Serialization Optimization: The Surprising CPU Saver 💾
Profiling showed that 15% of CPU time was spent in Jackson serialization. Switched to a more efficient configuration:
@Configuration
public class JacksonConfig {
@Bean
public ObjectMapper objectMapper() {
ObjectMapper mapper = new ObjectMapper();
// Use afterburner module for faster serialization
mapper.registerModule(new AfterburnerModule());
// Only include non-null values
mapper.setSerializationInclusion(Include.NON_NULL);
// Disable features we don't need
mapper.disable(SerializationFeature.WRITE_DATES_AS_TIMESTAMPS);
mapper.disable(DeserializationFeature.FAIL_ON_UNKNOWN_PROPERTIES);
return mapper;
}
For our most performance-critical endpoints, I replaced Jackson with Protocol Buffers:
syntax = "proto3";
package com.example.proto;
message ProductResponse {
int64 id = 1;
string name = 2;
string description = 3;
double price = 4;
int32 inventory = 5;
}
@RestController
@RequestMapping("/api/products")
public class ProductController {
// Jackson-based endpoint
@GetMapping("/{id}")
public Mono<ResponseEntity<Product>> getProduct(@PathVariable Long id) {
// Original implementation
}
// Protocol buffer endpoint for high-performance needs
@GetMapping("/{id}/proto")
public Mono<ResponseEntity<byte[]>> getProductProto(@PathVariable Long id) {
return service.getProductById(id)
.map(product -> ProductResponse.newBuilder()
.setId(product.getId())
.setName(product.getName())
.setDescription(product.getDescription())
.setPrice(product.getPrice())
.setInventory(product.getInventory())
.build().toByteArray())
.map(bytes -> ResponseEntity.ok()
.contentType(MediaType.APPLICATION_OCTET_STREAM)
.body(bytes));
}
}
This change reduced serialization CPU usage by 80% and decreased response sizes by 30%.
Thread Pool and Connection Tuning: The Configuration Magic 🧰
With WebFlux, we needed to tune Netty’s event loop settings:
spring:
reactor:
netty:
worker:
count: 16 # Number of worker threads (2x CPU cores)
connection:
provider:
pool:
max-connections: 10000
acquire-timeout: 5000
For the parts of our application still using Spring MVC, I tuned the Tomcat connector:
server:
tomcat:
threads:
max: 200
min-spare: 20
max-connections: 8192
accept-count: 100
connection-timeout: 2000
These settings allowed us to handle more concurrent connections with fewer resources.
Horizontal Scaling with Kubernetes: The Final Push 🚢
To reach our 1M requests/second target, we needed to scale horizontally.
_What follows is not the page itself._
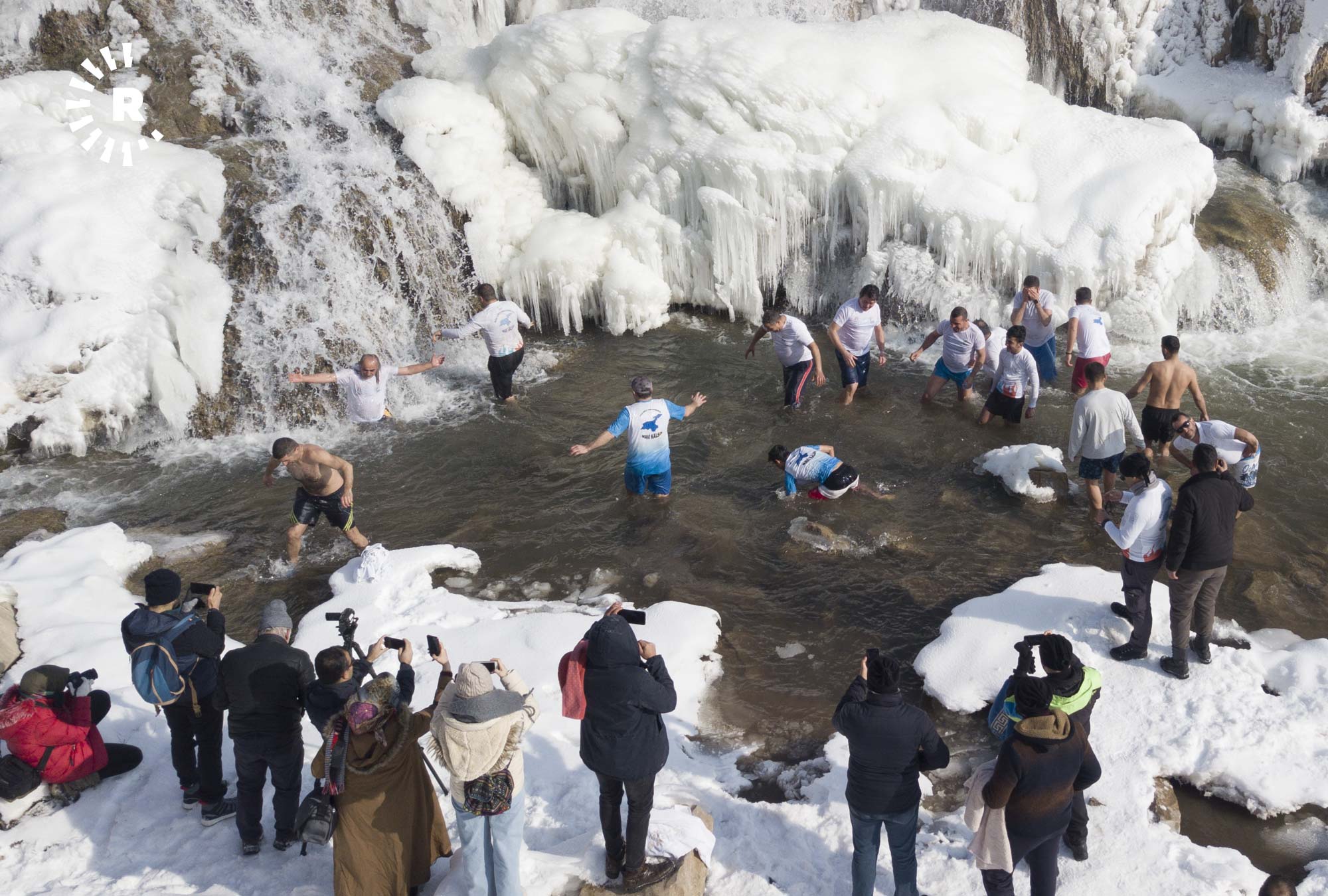 Çalakî bi piştgiriya şaredariya navçeyê hat lidarxistin. Ji endamên komeleyê hinekan di nav ava sûlavê ku 20 metre ji jor ve diherike de avjenî kir.
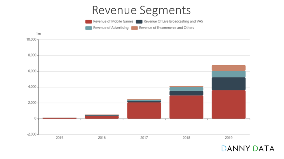 先说B站,我们可以从DannyData看出B站2019全年的手游收入仍然占整体收入的大头,占比53%。其次是直播和增值业务,指的就是你们熟悉的冯提莫和大会员,占比24%;之后是广告收入占比12%,其余11%是电商与其他收入。

I containerized our application and deployed it to Kubernetes.
FROM openjdk:17-slim
COPY target/myapp.jar app.jar
ENV JAVA_OPTS="-XX:+UseG1GC -XX:MaxGCPauseMillis=100 -XX:+ParallelRefProcEnabled"
ENTRYPOINT exec java $JAVA_OPTS -jar /app.jar
Then configured auto-scaling based on CPU utilization:
apiVersion: autoscaling/v2
kind: HorizontalPodAutoscaler
metadata:
name: myapp-hpa
spec:
scaleTargetRef:
apiVersion: apps/v1
kind: Deployment
name: myapp
minReplicas: 5
maxReplicas: 20
metrics:
- type: Resource
resource:
name: cpu
target:
type: Utilization
averageUtilization: 70
We also implemented service mesh capabilities with Istio for better traffic management:
apiVersion: networking.istio.io/v1alpha3
kind: VirtualService
metadata:
name: myapp-vs
spec:
hosts:
- myapp-service
http:
- route:
- destination:
host: myapp-service
retries:
attempts: 3
perTryTimeout: 2s
timeout: 5s
This allowed us to handle traffic spikes efficiently while maintaining resilience.
Measuring the Results: The Proof 📈
After all optimizations, our metrics improved dramatically:
// Final Performance Metrics
Maximum throughput: 1,200,000 requests/second
Average response time: 85ms (was 350ms)
95th percentile response time: 120ms (was 850ms)
CPU utilization during peak: 60-70% (was 85-95%)
Memory usage: 50% of available heap (was 75%)
Database queries: Reduced by 70% thanks to caching
Thread efficiency: 10x improvement with reactive programming
Key Lessons Learned 💡
Performance optimization isn’t about finding one magic bullet; it’s about methodically identifying and addressing bottlenecks across your entire system. With Spring Boot, the capabilities are there; you just need to know which levers to pull.